Otherwise…you ain’t got jack.
Hi Sirius,
Thanks for reading the dispatch. Understanding the variability in a data set is indeed critical when describing trends. Throughout most of June 2009, ice extent fell about 2 standard deviations below the 1979-2000 mean. The chart that is presented above, but with standard deviations indicated by gray shading, can be found at http://nsidc.org/images/arcticseaicenews/20090706_Figure2.png. During April and May, the ice extent was below the 1979-2000 mean, but usually within 2 standard deviations of the mean.
Even better than visualizing the variability is examining the full data set. The website The Cryosphere Today provides a graph of ice extent anomaly from the 1979-2000 average, for the entire data set from 1979 to today. Following the graph from left to right, the downward trend is apparent. The graph is available from their main website http://arctic.atmos.uiuc.edu/cryosphere/ where it is titled “Tale of the Tape”, or here at http://arctic.atmos.uiuc.edu/cryosphere/IMAGES/sea.ice.anomaly.timeseries.jpg.

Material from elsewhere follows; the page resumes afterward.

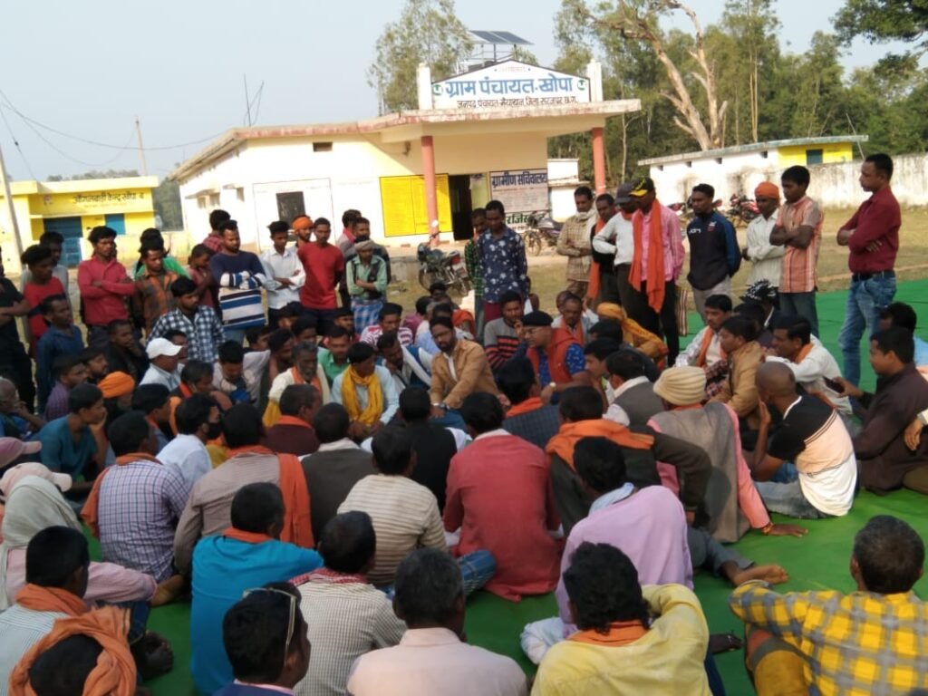 खोपा मे स्थित रेड़ नदी से अवैध तरीके से रेत माफियाओं द्वारा रेत निकालने के विरुद्ध आमसभा

Variability in the data can also be described by testing for significance of trends. Meier et al. (2007) (see the citation above) tested for significant trends in the 1979-2006 satellite data of ice extent. They found that ice extent exhibited a significant decline in every month of the year, with the most dramatic declines occurring in summer months. The significance testing used an F test with a 99% confidence level and a null hypothesis of a zero trend. It is worth noting that the decline in ice is significant across the Arctic, but it is heterogeneous in space and time. Some regions of the Arctic are experiencing dramatic loss while other areas are experiencing little or no loss. I encourage you to read their paper for a detailed description.